401k Contribution Rules:
- The only way you can contribute to your 401k account is through payroll deductions.
- The contribution rules also apply to plan limits, see below.
Withdrawal Rules:
- At age 59 1/2 you can withdraw from your 401k plan without incurring a penalty. You will have to pay taxes on the amount of your withdrawal.
- If you make a withdrawal before 59 1/2, you incur a 10% penalty. You will have to pay taxes on the withdrawal amount.
- If you become disabled or meet the hardship qualifications, you can withdraw before 59 1/2 without incurring the 10% penalty. But you will still have to pay taxes on your withdrawal.
Loan Rules:
- Some 401k plans are designed to allow you to take a loan against your 401k balance.
- Maximum loan percentage is 50% of your vested account balance.
- Maximum loan amount cannot exceed $50,000.
Rollover Rules:
When you leave your employer, you can rollover your balance to your new employers’ 401k plan.
- You can also rollover your balance to an IRA.
- You face less risk of paying taxes and a penalty if you have the money transferred as a direct rollover or trustee-to-trustee transfer. This is where your employer works directly with the “institution” receiving your rollover vs you taking possession of the money and making the transfer yourself.
- If you take possession of the money with the intent of depositing it into your new employer’s 401k plan or an IRA, you have 60 days to make that deposit or you pay taxes on the amount plus a 10% penalty if under the age of 59 1/2.
- If you take possession of the money, your employer is required by law to withhold 20% right off the top for taxes.
401k Contribution Limits:
- For 2009 the 401k contribution limits are $16,500. If you are over the age of 50, the 401k plan limits include a catch-up contribution amount of an additional $5,500.
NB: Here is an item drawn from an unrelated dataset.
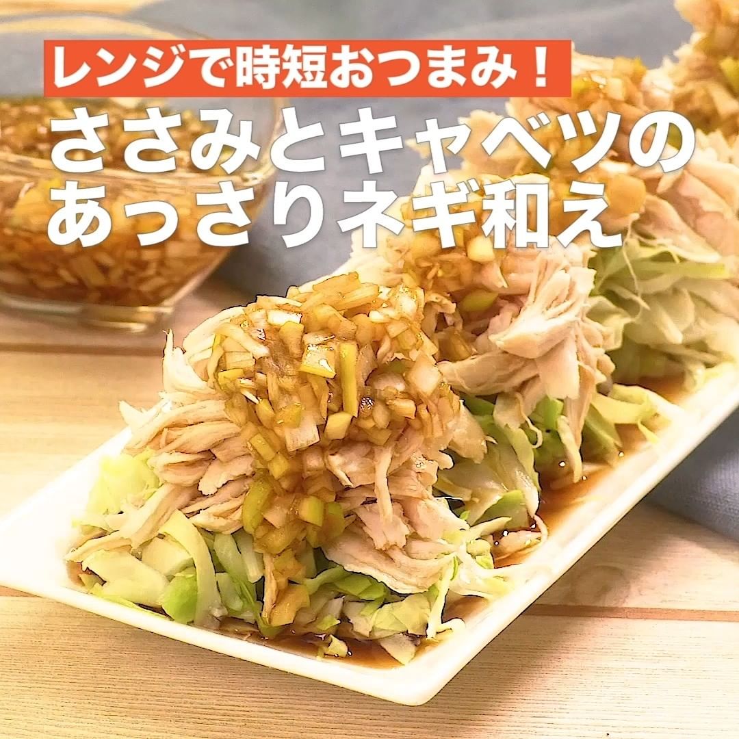 ②<レンジで時短おつまみ!ささみとキャベツのあっさりネギ和え>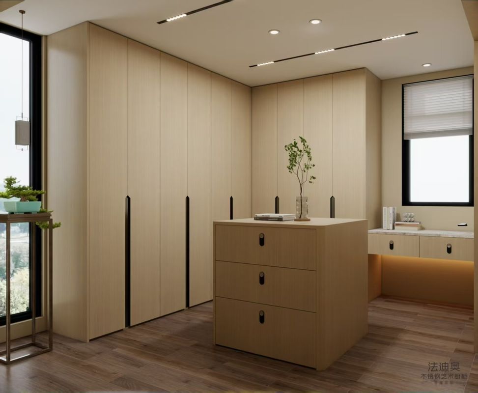 This L-shaped walk-in closet system combines the warmth of light oak wood grain with the durability of 304-grade stainless steel. The central island serves as both a dressing station and organizer, while the integrated desk under the window maximizes functional space in a cohesive design.

- For 2010, the 401k contribution limits remained the same as 2010.
- The 401k contribution limits for 2011 will remain the same as 2009 and 2010. (see above)
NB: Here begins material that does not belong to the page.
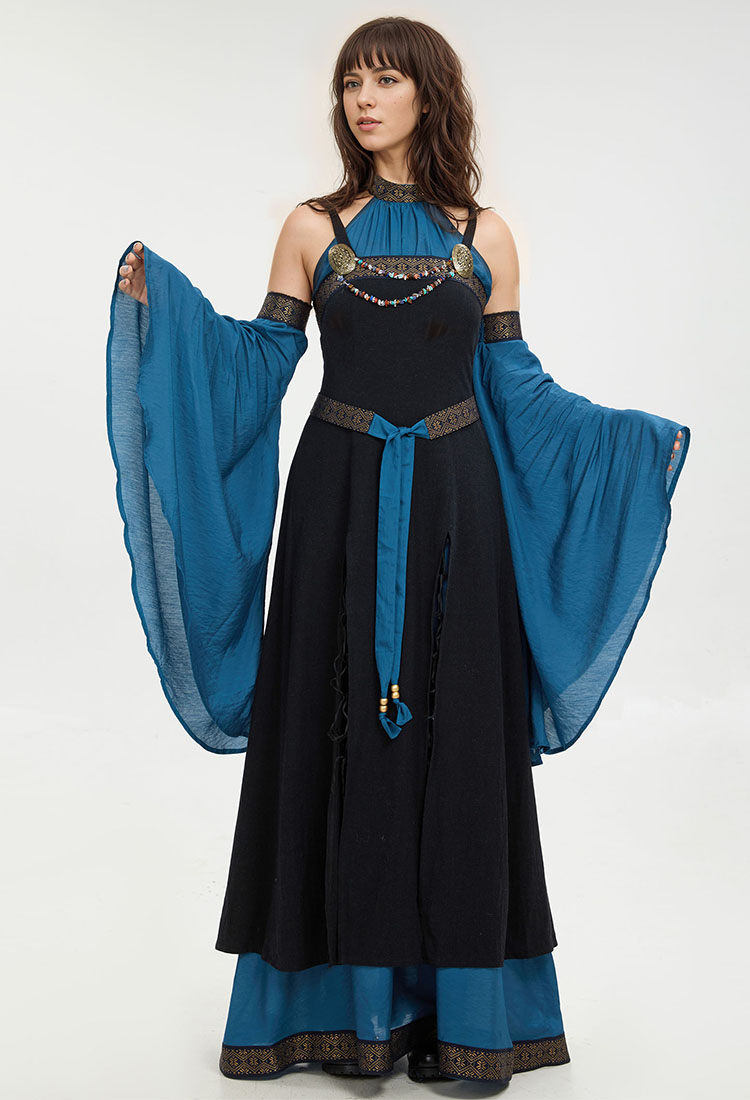 • This dress features a sleeveless halter design paired with flowing detachable wide sleeves, balancing vintage aesthetics with wearability. The main body is rendered in a palette of deep black and rich blue, accented with metallic trims and colored beads at the neckline and waistband. The dress gently reveals an inner slip in a matching hue, adding refined detail and layered texture to the ensemble. The design blends the characteristic drape and decorative motifs of medieval attire, while the wide sleeves lend a touch of graceful movement. Ideal for themed medieval gatherings, historical cosplay, or castle photography, this dress effortlessly evokes an atmosphere of classical elegance.

The 401k contribution limits are adjusted by the Department of Labor and the IRS to keep up with inflation. These limits generally change every year, but sometimes they remain the same as the previous year. To be on the safe side, double-check with your tax accountant every year on the new 401k contribution limits.
401k plan rules can be complicated so we attempted to simplify the rules, limits and plan options for you. By learning your basics you will be confident when talking with your own company’s 401k plan administrator.